Work order: Every record below needs to be written out exactly, apart from the pictures.

········

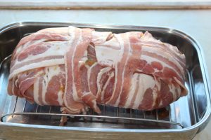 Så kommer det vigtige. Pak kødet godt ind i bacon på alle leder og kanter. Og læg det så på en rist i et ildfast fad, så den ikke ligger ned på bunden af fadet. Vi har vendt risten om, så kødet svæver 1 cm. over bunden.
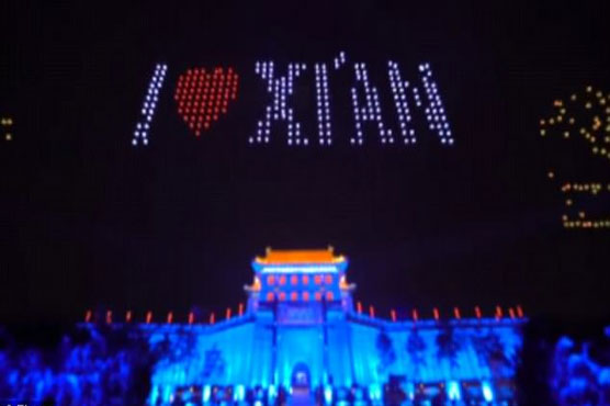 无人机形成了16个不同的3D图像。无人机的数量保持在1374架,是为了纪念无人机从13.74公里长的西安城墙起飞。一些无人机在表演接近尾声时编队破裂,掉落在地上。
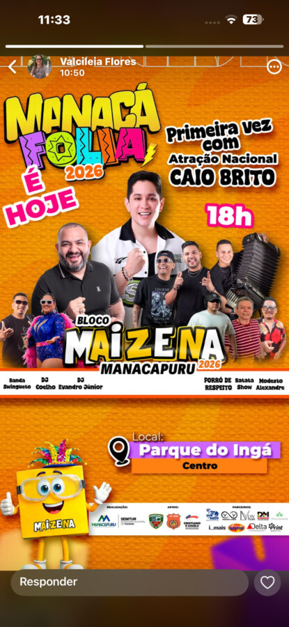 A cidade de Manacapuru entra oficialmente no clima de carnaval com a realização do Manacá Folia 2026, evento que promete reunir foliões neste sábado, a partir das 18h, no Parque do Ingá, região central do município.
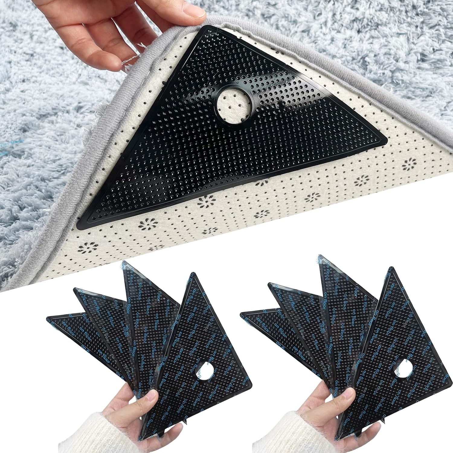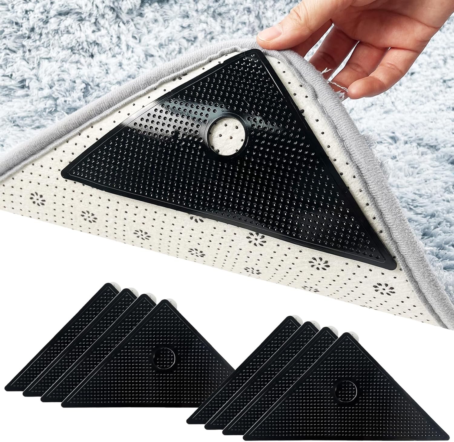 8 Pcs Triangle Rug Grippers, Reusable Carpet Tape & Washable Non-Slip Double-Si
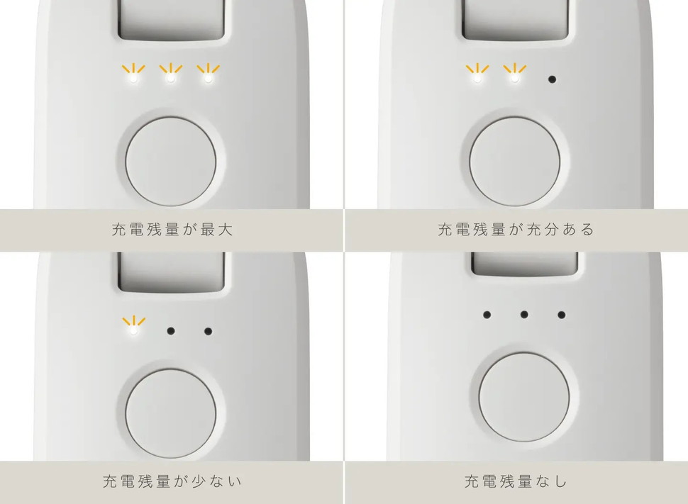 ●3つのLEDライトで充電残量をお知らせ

········

Answer box:
 Så kommer det vigtige. Pak kødet godt ind i bacon på alle leder og kanter. Og læg det så på en rist i et ildfast fad, så den ikke ligger ned på bunden af fadet. Vi har vendt risten om, så kødet svæver 1 cm. over bunden.
 无人机形成了16个不同的3D图像。无人机的数量保持在1374架,是为了纪念无人机从13.74公里长的西安城墙起飞。一些无人机在表演接近尾声时编队破裂,掉落在地上。
 A cidade de Manacapuru entra oficialmente no clima de carnaval com a realização do Manacá Folia 2026, evento que promete reunir foliões neste sábado, a partir das 18h, no Parque do Ingá, região central do município.
 8 Pcs Triangle Rug Grippers, Reusable Carpet Tape & Washable Non-Slip Double-Si
 ●3つのLEDライトで充電残量をお知らせ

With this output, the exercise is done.